In this case, the construction of the term “merchants” depends on the written description of the ‘399 Patent and the provisional application to which it claims priority.  In one section, the provisional application describes merchants as producers of goods to be sold through the outsource provider, while another section of the provisional application describes merchants as producers of products and services.  However, the specification of the ‘399 Patent merely describes the merchants as producers, distributors, or resellers of goods to be sold through the outsource provider and does not mention merchants as providers of services.
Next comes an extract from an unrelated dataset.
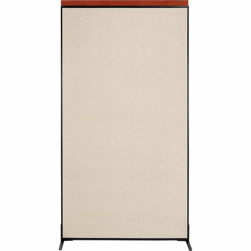 The Interion® By Global Industrial Deluxe Freestanding Office Partitions provide versatile privacy for cubicles, reception spaces, call centers and more. Panels feature a wood accent which attaches to top of partition, trimming panels with a Cherry finish. Accent cap measures 1-1/2″H x 1-3/4″D. Panels are made using 1-3/4″ thick fabric upholstered panel with an MDF frame and honeycomb core covered with heavy tackable liner for structural strength. Panel trim is finished with self-extinguishing extruded polymer for optimum safety and rigidity. Panels are flame retardant to meet the California 117 flammability standard. Steel T-legs ensure reliable freestanding stability, and make panels easy to adjust and rearrange. 1 Year Limited Warranty.

The Federal Court found the deletion of the word services by the patent drafter between the provisional application and the nonprovisional patent specification to be significant when determining the correct construction of the term “merchants.”  The drafter of the ‘399 Patent made a choice to remove the reference to merchants as purveyors of both goods and services and to only discuss merchants as purveyors of goods.  The Federal Circuit construed this omission to indicate that the term “merchants” is only supposed to apply to sellers of goods and does not apply to sellers of services.

Incorporating the provisional application by reference into the specification of the nonprovisional application does not correct the deletion of words from the provisional application.  The host patent provides the context that determines the impact that the patent that is incorporated by reference has on the construction of claim terms in the host patent.  In Finjan LLC v. ESET, LLC, 51 F. 4th 1377 (Fed. Cir. 2022), the Federal Circuit held that the use of a restrictive term in an earlier application that is incorporated by reference does not reinstate that term in the later patent if the term is purposely deleted in the later patent.  In this case, the deletion of the description of merchants providing services in addition to goods was clear and unambiguous, and a person of skill in the art would assume that the removal of the description of merchants providing services means that the term “merchants” only refers to sellers of goods.

DDR additionally argued that Priceline was collaterally estopped from suggesting that the ‘399 Patent contained a definition for the term “merchant” since the PTAB already decided that the specification of the ‘399 Patent did not provide a definition that was different than the plain and ordinary meaning.  However, neither the Federal Circuit nor the district court is bound by the PTAB’s claim construction since the IPR was decided while the PTAB was still using the broadest reasonable interpretation standard instead of the Phillips standard for claim construction in IPRs.  Since the claim construction standard at the PTAB was different for the IPR, the issue preclusion doctrine does not apply.